Monday, June 15, 2009

Red Faction: Guerilla (360)

Here's your lazy person's summary: this entire post is a big, sloppy Valentine to Red Faction: Guerilla, one of the best games of this or any other generation.

Games are about grooves. All games have them, and if you find the groove (and can stay in it long enough), you wind up liking the game.

With Red Faction: Guerilla, I've been in the groove for the entire first 15 hours. This game is so carefully and cleverly designed, and it's so polished, and it's bursting with personality. So let me tell you about what I know.

Let's begin at the beginning, with the plot:
1. You travel to Mars to work as a miner.
2. Things go awry.

That's all the plot this game needs.

In just one of innumerable instances of brilliance, though, that tiny sliver of story manages to provide a convincing rationale for running around with a sledgehammer.

And that sledgehammer is a SLEDGEHAMMER. Hit people with it--once--and they die. As they die, they will fly through the air--like they have been hit by a sledgehammer.

This is awesome.

What's also awesome is that the weapons you're least likely to use in this game are the ones with bullets. There are so many uber-powerful weapons available (including one that simply evaporates reality) that bullets seem entirely ridiculous.

What these weapons do, mostly, is cause explosions, explosions on a scale so epic that it can hardly be described. And EVERYTHING in this game can be destroyed--every building, every bridge, every storage tank, every vehicle. They explode in a manner that is so thrilling it has to be seen to be believed.

Even from 150 million miles away, you can feel it.

And when you destroy something, it stays destroyed. It's industrial terraformication--with a rocket launcher.

Yes, I know that's not a word. But after playing this game, it should be.

Gloria watched me play for fifteen minutes one night, and she said "Sometimes you just have to make things go BOOM."


It's not just about the explosions, though. The game engine is absolutely superb, rendering tremendous amounts of detail with minimal pop-up and almost zero framerate slowdowns.

And Mars is beautiful. It's vast and sweeping, geographically imposing, and truly impressive to drive through. The geography lends itself to a better game, because there is no need for narrow streets and masses of pedestrians (saying the same dozen stupid phrases over and over)--these vistas are wide open, generally, so any quibbles with the driving model are erased by the forgiving design. Roads and off-road are frequently not very different from each other, which encourages experimentation.

The result of this experimentation? Some spectacularly sick jumps, as exciting as any action movie you've ever seen.

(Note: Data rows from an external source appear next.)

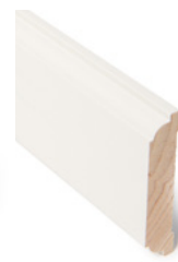
KARMLIST Dim. 15 x 70 mm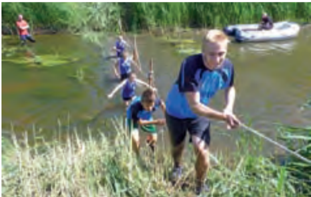
Dużym wyzwaniem było przeprawienie się na drugi brzeg rzeki Słudwi.

Podczas imprezy można też było m.in. wziąć udział w plenerze malarskim prowadzonym przez Warsztaty Terapii Zajęciowej „Tacy Sami” (chętnych było tylu, że zabrakło przygotowanych sztalug), a dzięki Ośrodkowi Szkolenia Kierowców „Rondo” i Zakładowi Karnemu odbyć spacer w alko- lub narkogoglach (symulują widzenie po spożyciu alkoholu lub narkotyków). Dostępnych było też wiele innych stoisk, czynny był bufet i grill. aa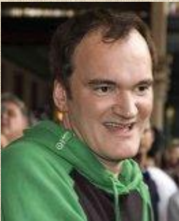
Квентин Тарантино великий режиссер, сценарист, продюсер, неоднократно выдвигался на премию «Оскар»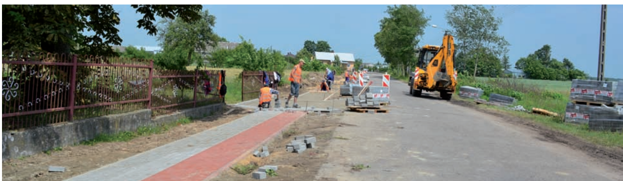
Chodnik w tak dużej miejscowości jak Krzewica jest konieczny w celu zapewnienia bezpieczeństwa mieszkańcom

P rzy drodze powiatowej nr 1006L w miejscowości Krzewica powstaje dalsza część chodnika wiodącego przez ruchliwą wieś. Nowa nić chodnika rozpoczyna się od kilometra 5+399 do km 6+220. Mieszkańcy Krzewicy już od końca sierpnia będą cieszyć się inwestycją o długości 821 m.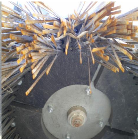
Φώτο 4 αναλώσιμου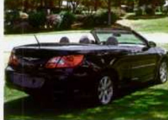
O modelo Sebring da Chrysler, Jeep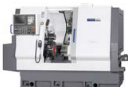
1 CNC MIYANO BNE51SY (10-51mm)

In general, and this is another primary design strength of the game, the possibilities for experimentation (and its rewards) are almost unlimited. Any mission can be approached in many ways, because only the objective is defined.

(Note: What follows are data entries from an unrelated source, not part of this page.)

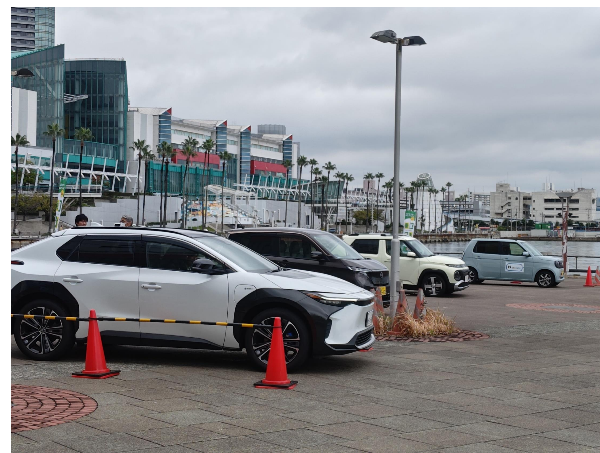
イベントでの乗車体験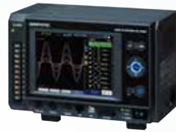
GL7000 本体 + 表示ユニット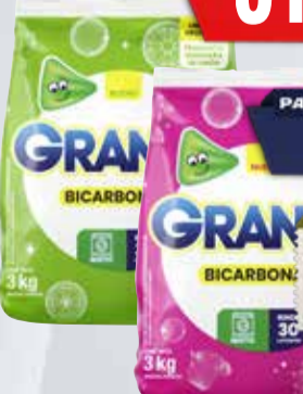
JABON POLVO GRANBY 3kg

Y ADEMÁS TE DEVOLVEMOS 319,98 EN MAXI VOUCHER

Here's an example. I found trails through the mountains--narrow trails that were to small for a vehicle to use. Through some creative ledge scrambling and jumping, I was able to wreak heavy destruction on enemy infrastructure from a distance, and it was almost impossible for them to come get me.

It took time to find these areas, and it's not the most intuitive way to go about some of these missions. It might not even be the best way. What matters to me, though, is that I could do it, and there was nothing to stop me. That's how open world games are supposed to work.

And it's not just that the game will let you do anything. In addition to that freedom, excellent design touches are everywhere. One example is that the vehicles available for your use at safehouses change, so instead of getting comfortable with one vehicle and using it every time, you're encouraged to drive all the vehicles, and given how differently they handle (and how differently they're sized), it adds another dimension to the experience.

More touches? A flawless GPS system. A very striking day/night cycle. A morale system that punishes you when you kill freedom fighters.

It wasn't rushed. It's not unfinished. It's a highly-polished game, and it shows.

Did I mention the jetpack?

That's right. Sledgehammer. Rocket launcher. Jetpack. Seriously, there's lots more, but what the hell else do you need?

Is it perfect? No, although any complaints I have are minor. There are a limited number of mission types (nine, I think), so even as you progress to different areas, the missions are generally similar. There are so many different ways to approach them, though, and you get progressively more inventive (with more powerful weapons) as you go, so it doesn't bog down.

I'd also like for more distinctive personalities to emerge on the enemy side. Maybe that comes later in the game (I'm about 2/3 through), but it hasn't happened yet, and I'd like to get a sense of some individual menace.

One last touch of pure genius: the mission briefings are given by the same voice actor (Michael McConnohie) who starred in Crackdown ("Skills for kills, agent. Skills for kills.").

It's epic. Wait, let me correct that--it's EPIC.